■ Supplied material ■
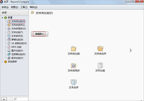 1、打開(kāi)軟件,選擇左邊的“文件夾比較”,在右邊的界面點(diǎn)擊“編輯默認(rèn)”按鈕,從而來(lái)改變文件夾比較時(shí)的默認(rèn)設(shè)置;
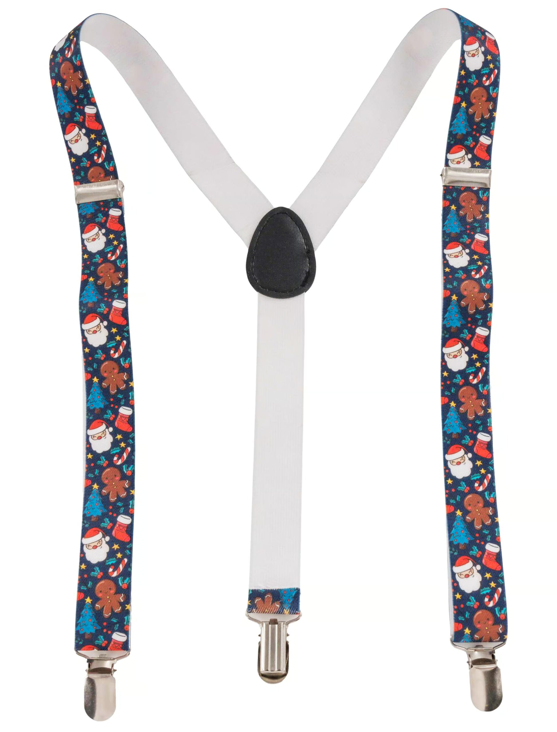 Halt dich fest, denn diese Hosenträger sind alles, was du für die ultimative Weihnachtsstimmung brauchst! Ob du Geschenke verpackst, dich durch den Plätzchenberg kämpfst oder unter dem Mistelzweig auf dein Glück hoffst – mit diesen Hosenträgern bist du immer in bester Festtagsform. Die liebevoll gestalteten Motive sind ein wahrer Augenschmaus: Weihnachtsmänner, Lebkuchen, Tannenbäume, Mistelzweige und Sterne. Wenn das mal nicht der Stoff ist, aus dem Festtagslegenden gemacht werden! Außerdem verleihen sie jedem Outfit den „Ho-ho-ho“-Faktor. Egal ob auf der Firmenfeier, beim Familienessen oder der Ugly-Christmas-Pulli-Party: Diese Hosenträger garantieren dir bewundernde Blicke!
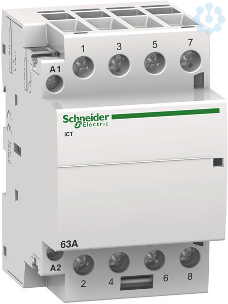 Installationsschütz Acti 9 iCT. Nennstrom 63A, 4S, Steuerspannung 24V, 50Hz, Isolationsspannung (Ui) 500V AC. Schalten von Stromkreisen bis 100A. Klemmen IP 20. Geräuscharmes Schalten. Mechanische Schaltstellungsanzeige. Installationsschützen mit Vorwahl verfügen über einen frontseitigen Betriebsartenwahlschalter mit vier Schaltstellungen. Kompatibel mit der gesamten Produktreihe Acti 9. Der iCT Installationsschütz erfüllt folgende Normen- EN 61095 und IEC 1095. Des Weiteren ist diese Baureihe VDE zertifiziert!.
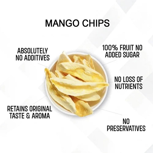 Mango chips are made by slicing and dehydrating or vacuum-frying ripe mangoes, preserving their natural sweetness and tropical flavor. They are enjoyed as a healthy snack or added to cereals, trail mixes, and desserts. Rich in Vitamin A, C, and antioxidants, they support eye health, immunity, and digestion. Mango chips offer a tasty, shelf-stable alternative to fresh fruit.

■ Your objective ■
All of the material goes into the answer exactly as it stands, except for the pictures.

■ Solved exercise ■
 1、打開(kāi)軟件,選擇左邊的“文件夾比較”,在右邊的界面點(diǎn)擊“編輯默認(rèn)”按鈕,從而來(lái)改變文件夾比較時(shí)的默認(rèn)設(shè)置;
 Halt dich fest, denn diese Hosenträger sind alles, was du für die ultimative Weihnachtsstimmung brauchst! Ob du Geschenke verpackst, dich durch den Plätzchenberg kämpfst oder unter dem Mistelzweig auf dein Glück hoffst – mit diesen Hosenträgern bist du immer in bester Festtagsform. Die liebevoll gestalteten Motive sind ein wahrer Augenschmaus: Weihnachtsmänner, Lebkuchen, Tannenbäume, Mistelzweige und Sterne. Wenn das mal nicht der Stoff ist, aus dem Festtagslegenden gemacht werden! Außerdem verleihen sie jedem Outfit den „Ho-ho-ho“-Faktor. Egal ob auf der Firmenfeier, beim Familienessen oder der Ugly-Christmas-Pulli-Party: Diese Hosenträger garantieren dir bewundernde Blicke!
 Installationsschütz Acti 9 iCT. Nennstrom 63A, 4S, Steuerspannung 24V, 50Hz, Isolationsspannung (Ui) 500V AC. Schalten von Stromkreisen bis 100A. Klemmen IP 20. Geräuscharmes Schalten. Mechanische Schaltstellungsanzeige. Installationsschützen mit Vorwahl verfügen über einen frontseitigen Betriebsartenwahlschalter mit vier Schaltstellungen. Kompatibel mit der gesamten Produktreihe Acti 9. Der iCT Installationsschütz erfüllt folgende Normen- EN 61095 und IEC 1095. Des Weiteren ist diese Baureihe VDE zertifiziert!.
 Mango chips are made by slicing and dehydrating or vacuum-frying ripe mangoes, preserving their natural sweetness and tropical flavor. They are enjoyed as a healthy snack or added to cereals, trail mixes, and desserts. Rich in Vitamin A, C, and antioxidants, they support eye health, immunity, and digestion. Mango chips offer a tasty, shelf-stable alternative to fresh fruit.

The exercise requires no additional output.